Take the lines below between the one holding "- štítové stěny" and the one holding "The numbers below", inclusive, and copy them exactly. Add nothing.

Data —
---------------
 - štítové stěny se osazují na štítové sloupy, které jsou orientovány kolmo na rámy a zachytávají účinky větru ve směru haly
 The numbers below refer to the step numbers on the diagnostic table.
---------------
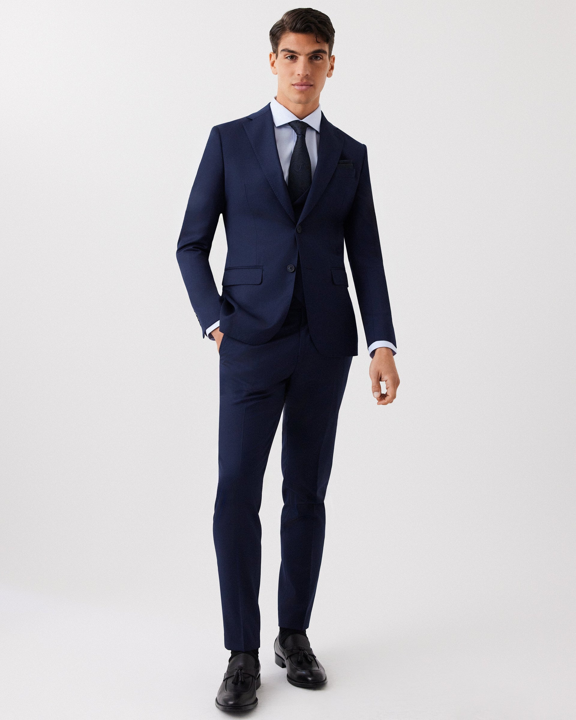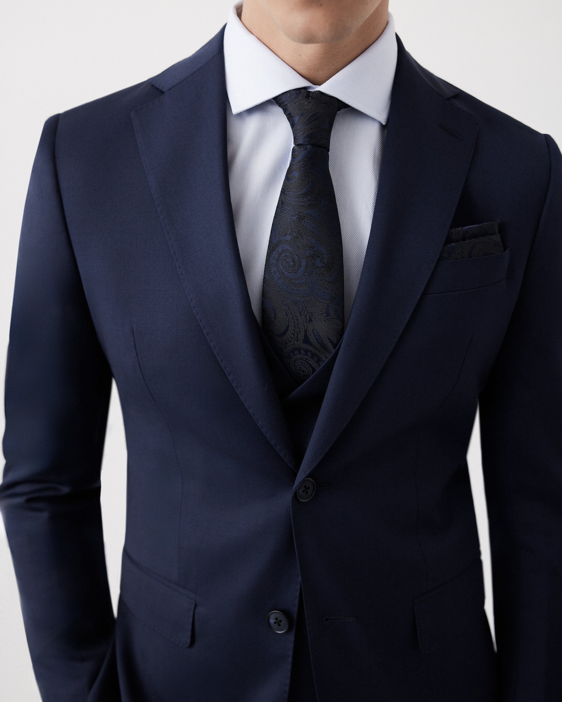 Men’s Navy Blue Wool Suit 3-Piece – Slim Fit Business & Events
---------------
Answer area —
 - štítové stěny se osazují na štítové sloupy, které jsou orientovány kolmo na rámy a zachytávají účinky větru ve směru haly
 The numbers below refer to the step numbers on the diagnostic table.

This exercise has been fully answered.